Correlation between moderate Plasmodium falciparum malarial parasitaemia and antioxidant vitamins in serum of infected children in South Eastern Nigeria

Abstract


I. Onyesom*, R. C. Ekeanyanwu and N. Achuka

The levels of antioxidant vitamins were estimated in Plasmodium falciparum malarial infected children aged 0 to 12 years. 113 children with P. falciparum infection were selected based on laboratory evidence and clinical symptoms. 87 apparently healthy children with no malarial parasitaemia were included as the control subjects.
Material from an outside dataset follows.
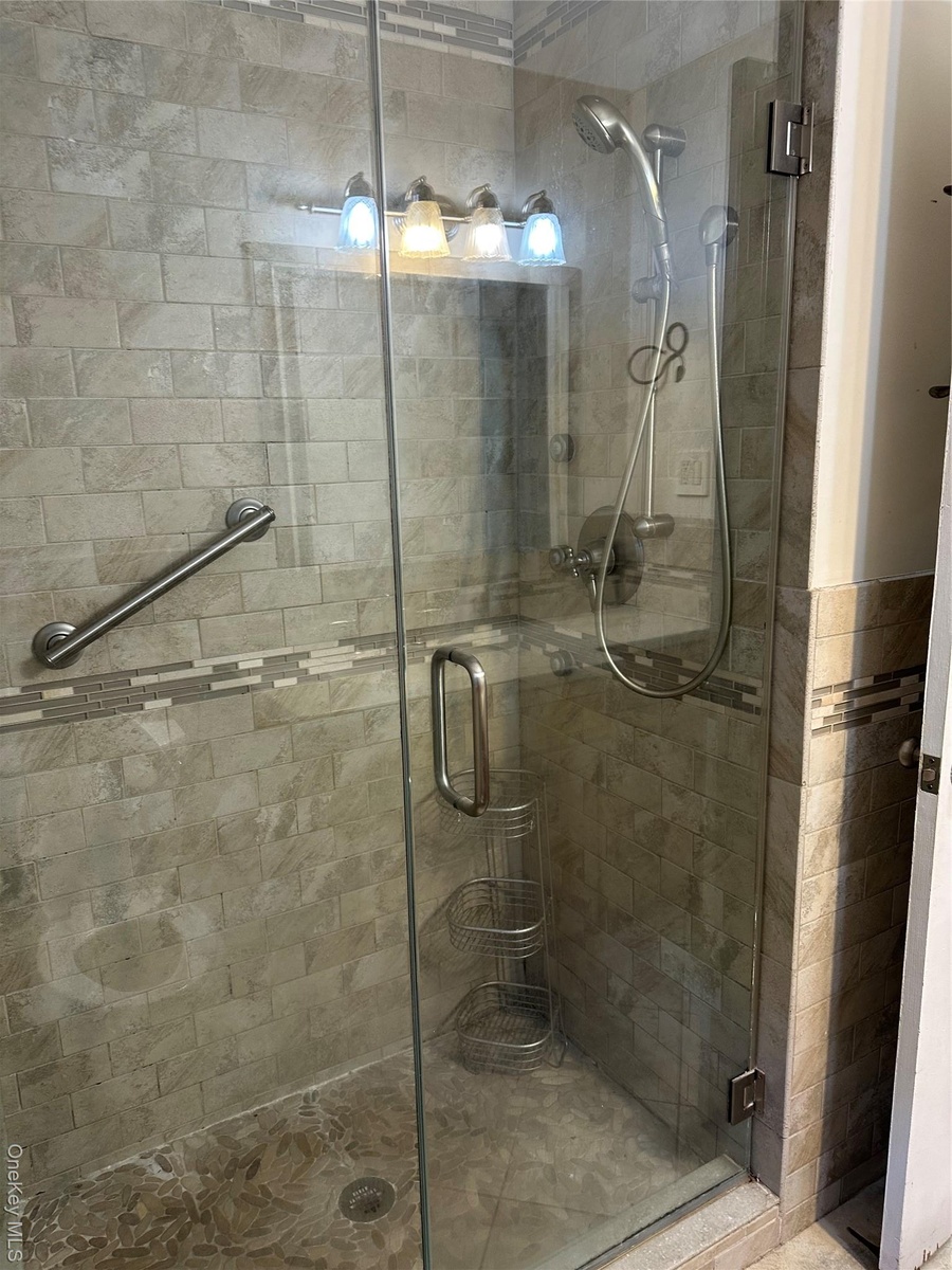 - Full bath featuring vanity, radiator, light tile patterned floors, tile walls, and a stall shower

P. falciparum parasitaemia and serum levels of antioxidant vitamins (A, C and E) were determined using standard procedures. The results obtained showed that the mean malarial parasitaemia was 6203.01 ± 1216.79/µl and the mean serum antioxidant vitamin concentrations were 23.23±8.40 µl/dl for vitamin A, 0.49±0.18 mg/dL for vitamin C and 0.78±0.32mg/dL for vitamin E for the P. falciparum malarial infected children. The control children had higher concentrations of vitamins A (51.80±12.41 mg/dL, X2 = 60.713, P<0.05), C (1.01±0.16 mg/dl, X2 =0.031, P>0.05) and E (0.96±0.21 mg/dl, X2 =0.039, P>0.05). The degree of malarial parasitaemia and serum concentration of vitamin E were positively correlated (r=0.42) but vitamins A (r= -0.05) and C (-0.06) were negatively correlated. Children within 0-5 years of age had higher malarial parasitaemia (7379.82± 918.99/µl), and these children had lower concentrations of vitamins A (21.27±8.68 µg/dL) and C (0.45±0.19 mg/dL) when compared with children between 6 to 12 years (vitamin A= 25.19±8.12 µg/dl and vitamin C = 0.53±0.16 mg/dL). Results suggest that the degree of malarial parasitaemia in especially children between 0 to 5 years could compromise immunity (as judged by the correlation with and reduction in vitamin E). Malarial infection among children (0 to 12 years) decreased the serum antioxidant vitamin levels, and this could lower free radical defense and contribute to the morbidity and mortality of malaria among children in this region. Health care providers should recognize these effects in planning malarial treatment and control programmes. Changes in serum antioxidant levels during post-treatment period should be investigated and documented.